# Work to complete
Word for word, copy the line that contains "8434943000 HYUNDAI KIA" and each line after it in the data below. Pictures stay out of the copy.

# Given material
-=-=-=-=-

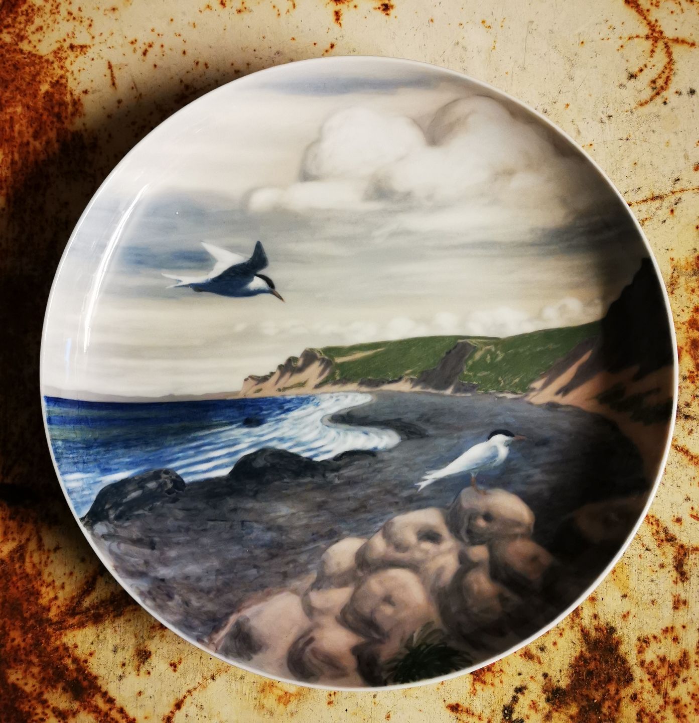 Stor platte fra Bing & Grøndahl bemalet af Harald Viggo Moltke (1871–1960) med motiv af "Fugle ved kysten". I god stand. Ingen skader eller reparationer. Signeret af kunstneren på bagsiden sammen med fabriksmærke. Mål: 32½ cm i diameter (12.79 inches).
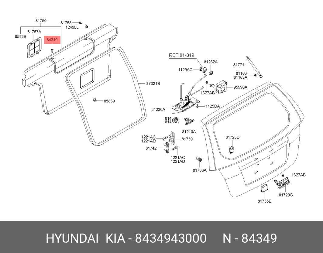 8434943000 HYUNDAI KIA Пистон HYUNDAI HD65,72,78 обшивки OE
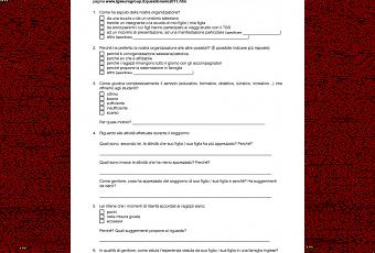 Chiediamo qualche minuto del vostro tempo per rispondere ad alcune domande che ci permettono di verificare la percezione della nostra proposta. Il vostro contributo è per noi prezioso in quanto ci permette di cominciare a pensare alle in iniziative della prossima estate da estendere ai vostri ragazzi o ai loro coetanei.

-=-=-=-=-

# Answer for this exercise
 8434943000 HYUNDAI KIA Пистон HYUNDAI HD65,72,78 обшивки OE
 Chiediamo qualche minuto del vostro tempo per rispondere ad alcune domande che ci permettono di verificare la percezione della nostra proposta. Il vostro contributo è per noi prezioso in quanto ci permette di cominciare a pensare alle in iniziative della prossima estate da estendere ai vostri ragazzi o ai loro coetanei.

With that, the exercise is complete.